*** AVAILABLE DATA ***
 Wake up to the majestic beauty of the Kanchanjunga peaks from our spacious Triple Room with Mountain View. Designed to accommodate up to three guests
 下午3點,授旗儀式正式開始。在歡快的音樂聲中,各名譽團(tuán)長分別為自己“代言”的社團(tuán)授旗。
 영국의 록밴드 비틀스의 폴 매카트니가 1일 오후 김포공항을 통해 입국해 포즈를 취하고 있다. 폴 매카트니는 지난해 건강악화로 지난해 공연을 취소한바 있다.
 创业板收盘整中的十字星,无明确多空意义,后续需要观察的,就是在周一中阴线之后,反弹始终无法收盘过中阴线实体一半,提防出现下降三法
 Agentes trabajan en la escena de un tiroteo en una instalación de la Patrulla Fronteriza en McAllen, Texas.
***
*** AVAILABLE DATA ***
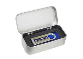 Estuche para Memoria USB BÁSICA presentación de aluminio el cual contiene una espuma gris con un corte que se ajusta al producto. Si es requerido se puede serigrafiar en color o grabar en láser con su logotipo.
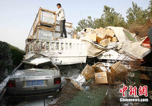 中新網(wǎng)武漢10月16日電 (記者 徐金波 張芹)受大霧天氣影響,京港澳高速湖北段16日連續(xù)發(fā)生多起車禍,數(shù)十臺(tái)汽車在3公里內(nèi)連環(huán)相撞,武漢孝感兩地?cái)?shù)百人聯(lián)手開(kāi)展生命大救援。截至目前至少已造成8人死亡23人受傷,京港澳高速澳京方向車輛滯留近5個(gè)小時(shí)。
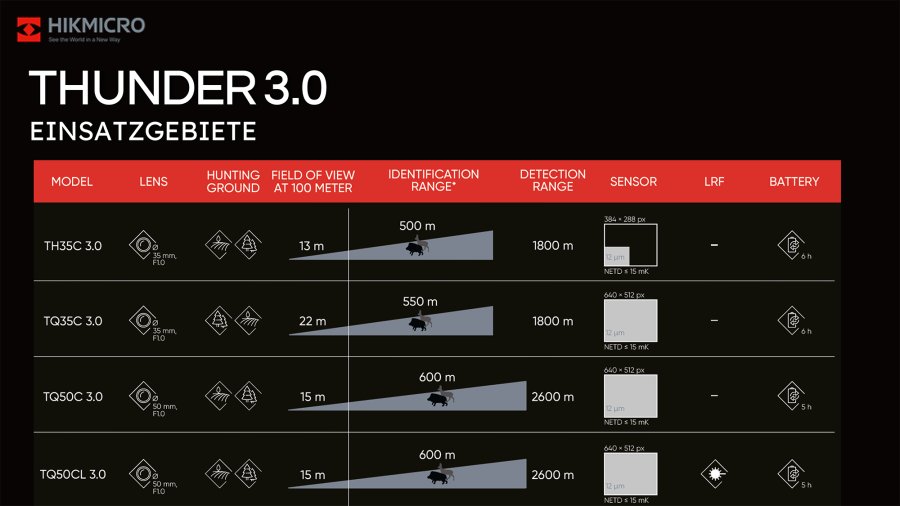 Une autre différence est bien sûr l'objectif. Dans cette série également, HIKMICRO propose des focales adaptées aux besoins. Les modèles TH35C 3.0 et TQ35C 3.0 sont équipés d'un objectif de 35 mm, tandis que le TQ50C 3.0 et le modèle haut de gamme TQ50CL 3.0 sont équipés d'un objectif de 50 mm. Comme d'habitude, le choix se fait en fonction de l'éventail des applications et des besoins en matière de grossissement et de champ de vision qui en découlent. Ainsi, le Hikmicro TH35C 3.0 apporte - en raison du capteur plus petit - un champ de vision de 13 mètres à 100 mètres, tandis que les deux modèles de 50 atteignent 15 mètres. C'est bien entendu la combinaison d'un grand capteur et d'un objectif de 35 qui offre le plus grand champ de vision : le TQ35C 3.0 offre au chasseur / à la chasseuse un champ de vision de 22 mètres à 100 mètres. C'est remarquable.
***
WORK TO BE COMPLETED:
Out of the data above, give again only the lines starting at the one holding "Wake up to the" and ending at the one holding "创业板收盘整中的十字星,无明", unchanged.

EXPECTED OUTPUT:
 Wake up to the majestic beauty of the Kanchanjunga peaks from our spacious Triple Room with Mountain View. Designed to accommodate up to three guests
 下午3點,授旗儀式正式開始。在歡快的音樂聲中,各名譽團(tuán)長分別為自己“代言”的社團(tuán)授旗。
 영국의 록밴드 비틀스의 폴 매카트니가 1일 오후 김포공항을 통해 입국해 포즈를 취하고 있다. 폴 매카트니는 지난해 건강악화로 지난해 공연을 취소한바 있다.
 创业板收盘整中的十字星,无明确多空意义,后续需要观察的,就是在周一中阴线之后,反弹始终无法收盘过中阴线实体一半,提防出现下降三法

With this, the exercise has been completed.